Exercise brief:
The records must be duplicated exactly, with every picture left out.

Available records:
________________________
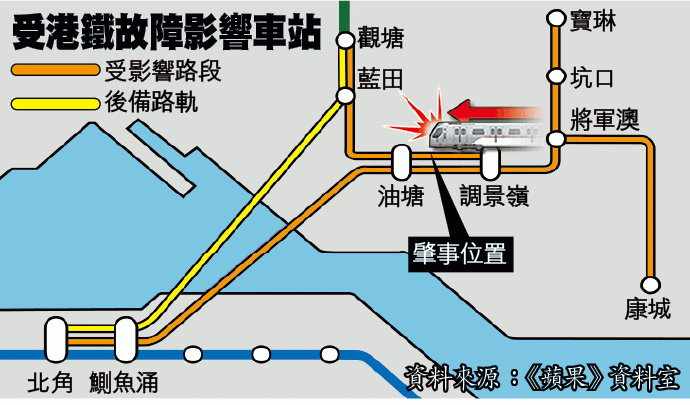 【本報訊】啟用11年的港鐵將軍澳綫昨發生歷來最嚴重事故,一部國產列車由調景嶺站駛往油塘站時,撞及一段鬆脫高壓電纜,目擊者稱有四響爆炸聲及火球冒出,事件令管道內兩部列車失去動力,數百名乘客要沿路軌分別步行往油塘及調景嶺站月台,幸無人受傷。意外斬斷將軍澳交通命脈,將軍澳綫列車停駛近五小時,是港鐵22年來最嚴重、封站時間最長的事故,但港鐵交代事故含糊其辭,惹人不滿。
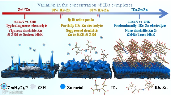 图1. IDs配合物浓度的变化及其在减轻副反应、HER和枝晶锌生长方面的作用示意图。此外,在主要以IDs-Zn为主的电解液中,IDs-Zn的低氧化还原电位有助于提升ZIFB的能量密度。从左至右,分别代表典型的ZAFBs负极液、部分富集IDs-Zn的ZAFBs负极液以及主要以IDs-Zn为主的ZAFBs负极液。
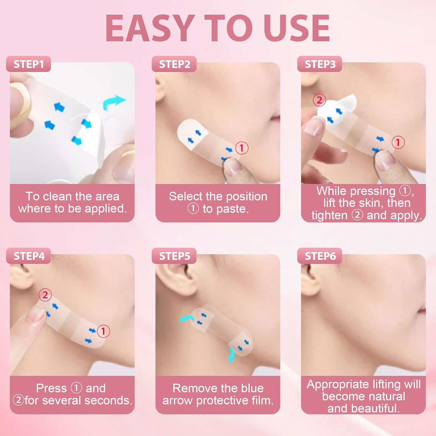 ❣️【Enkel å bruke】Bare legg den ene enden av ansiktsløftningsteipen på huden, trekk deretter huden 1 - 2 tommer bakover og trykk fast oppover for øyeblikkelige resultater! Sørg for at ansiktet er fritt for sminke eller olje før du påfører ansiktsløftteipen usynlig. Som en vennlig påminnelse vil det gjøre litt vondt når du trekker den av, så du kan varme den opp eller myke den opp med en sminkefjerner før du fjerner den.
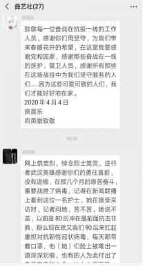 2020年4月4日,按照學(xué)院相關(guān)工作通知,西安技師學(xué)院曲藝社在社長邱云帆的指導(dǎo)下,開展了以文字和實(shí)際行動(dòng)對(duì)抗擊新冠肺炎犧牲烈士及逝世同胞進(jìn)行悼念的活動(dòng)。
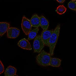 Immunofluorescence analysis of HepG2 cells using ABCB5 mouse mAb (green). Blue: DRAQ5 fluorescent DNA dye. Red: Actin filaments have been labeled with Alexa Fluor-555 phalloidin.
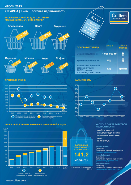 К концу 2015 года общее предложение качественных торговых помещений в Киеве составило порядка 1,068 млн. м². Киев, наряду Софией, характеризуется одним из самых низких показателей насыщенности качественными торговыми площадями среди городов Восточной Европы - 368 м2 на 1 000 человек. Для сравнения в Варшаве – 623 м² на 1 000 жителей, в Праге – 734 м²).
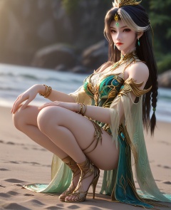(Crouching on the beach, drawing patterns in the sand, lost in creativity,:1.1),looking at viewer,(large breasts:1.2),<lora:XL16云深不知梦燕倾霏典仪司:0.95>,miss yanqingfei,green tiered gown,forehead jewel,black hair,white streaked hair,long hair,half-up braid with long cascading hair,hair ornament,earrings,jewelry,armlet,bracelet,collar,wide flowing sleeves,, score_9,score_8_up,score_7_up,score_6_up,score_5_up,score_4_up,3d rendering,tag1,tag2, Cinematic Lighting,backlighting,
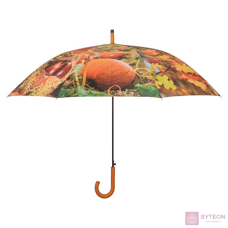 Nagy méretű esernyő 8 féle őszi mintával az oldalán. Automata nyitással, fekete színű fém szerkezettel és lakkozott fa markolattal rendelkezik. Az esernyőn gesztenyék, tökök, gombafajták, levelek, makkok és tobozok láthatók. Kifejezetten ajánljuk a természet kedvelőinek.
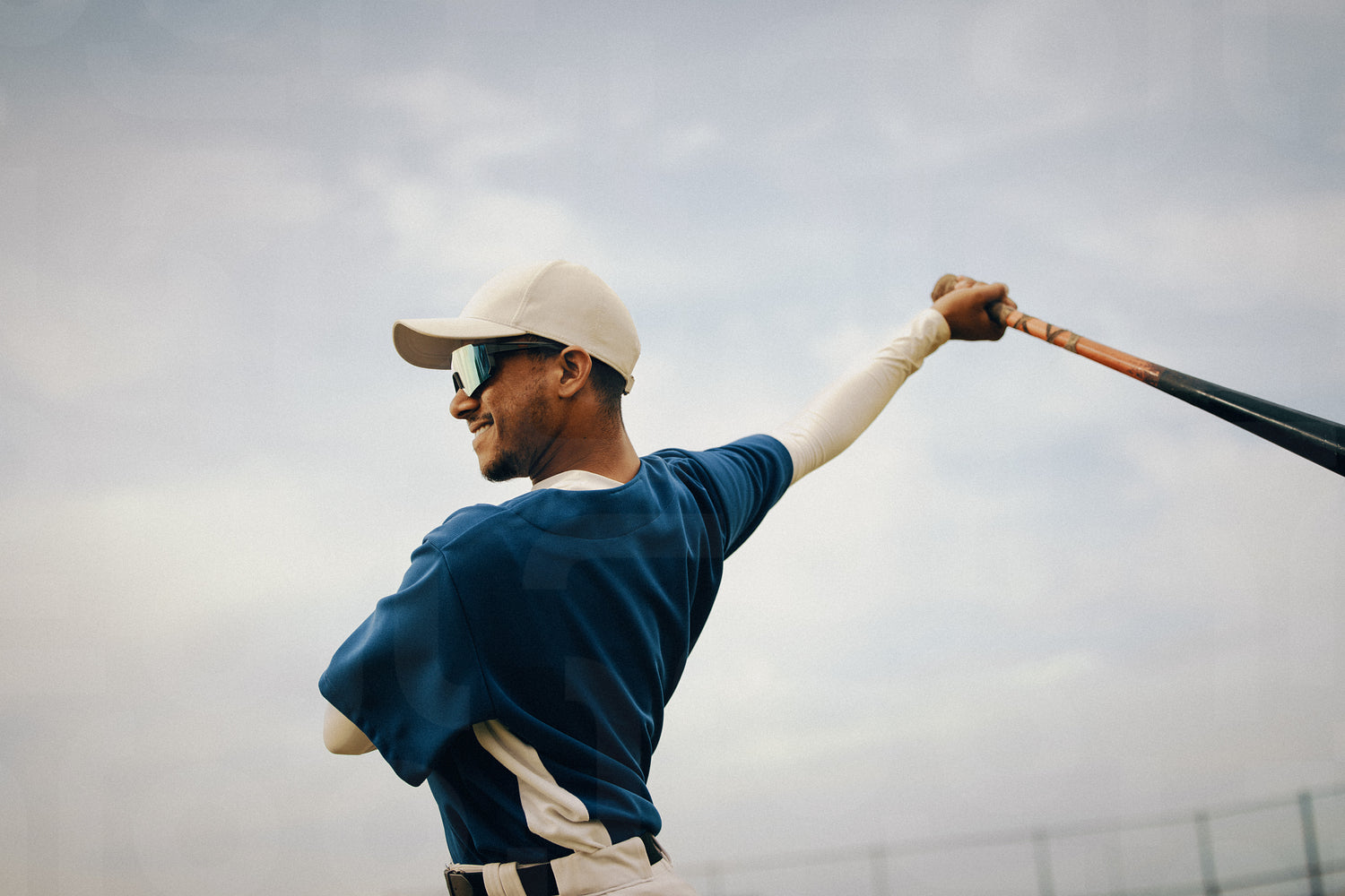 Baseball player in blue uniform preparing for a game with a confident smile on a sunny day
________________________
Solution to this problem:
 【本報訊】啟用11年的港鐵將軍澳綫昨發生歷來最嚴重事故,一部國產列車由調景嶺站駛往油塘站時,撞及一段鬆脫高壓電纜,目擊者稱有四響爆炸聲及火球冒出,事件令管道內兩部列車失去動力,數百名乘客要沿路軌分別步行往油塘及調景嶺站月台,幸無人受傷。意外斬斷將軍澳交通命脈,將軍澳綫列車停駛近五小時,是港鐵22年來最嚴重、封站時間最長的事故,但港鐵交代事故含糊其辭,惹人不滿。
 图1. IDs配合物浓度的变化及其在减轻副反应、HER和枝晶锌生长方面的作用示意图。此外,在主要以IDs-Zn为主的电解液中,IDs-Zn的低氧化还原电位有助于提升ZIFB的能量密度。从左至右,分别代表典型的ZAFBs负极液、部分富集IDs-Zn的ZAFBs负极液以及主要以IDs-Zn为主的ZAFBs负极液。
 ❣️【Enkel å bruke】Bare legg den ene enden av ansiktsløftningsteipen på huden, trekk deretter huden 1 - 2 tommer bakover og trykk fast oppover for øyeblikkelige resultater! Sørg for at ansiktet er fritt for sminke eller olje før du påfører ansiktsløftteipen usynlig. Som en vennlig påminnelse vil det gjøre litt vondt når du trekker den av, så du kan varme den opp eller myke den opp med en sminkefjerner før du fjerner den.
 2020年4月4日,按照學(xué)院相關(guān)工作通知,西安技師學(xué)院曲藝社在社長邱云帆的指導(dǎo)下,開展了以文字和實(shí)際行動(dòng)對(duì)抗擊新冠肺炎犧牲烈士及逝世同胞進(jìn)行悼念的活動(dòng)。
 Immunofluorescence analysis of HepG2 cells using ABCB5 mouse mAb (green). Blue: DRAQ5 fluorescent DNA dye. Red: Actin filaments have been labeled with Alexa Fluor-555 phalloidin.
 К концу 2015 года общее предложение качественных торговых помещений в Киеве составило порядка 1,068 млн. м². Киев, наряду Софией, характеризуется одним из самых низких показателей насыщенности качественными торговыми площадями среди городов Восточной Европы - 368 м2 на 1 000 человек. Для сравнения в Варшаве – 623 м² на 1 000 жителей, в Праге – 734 м²).
(Crouching on the beach, drawing patterns in the sand, lost in creativity,:1.1),looking at viewer,(large breasts:1.2),<lora:XL16云深不知梦燕倾霏典仪司:0.95>,miss yanqingfei,green tiered gown,forehead jewel,black hair,white streaked hair,long hair,half-up braid with long cascading hair,hair ornament,earrings,jewelry,armlet,bracelet,collar,wide flowing sleeves,, score_9,score_8_up,score_7_up,score_6_up,score_5_up,score_4_up,3d rendering,tag1,tag2, Cinematic Lighting,backlighting,
 Nagy méretű esernyő 8 féle őszi mintával az oldalán. Automata nyitással, fekete színű fém szerkezettel és lakkozott fa markolattal rendelkezik. Az esernyőn gesztenyék, tökök, gombafajták, levelek, makkok és tobozok láthatók. Kifejezetten ajánljuk a természet kedvelőinek.
 Baseball player in blue uniform preparing for a game with a confident smile on a sunny day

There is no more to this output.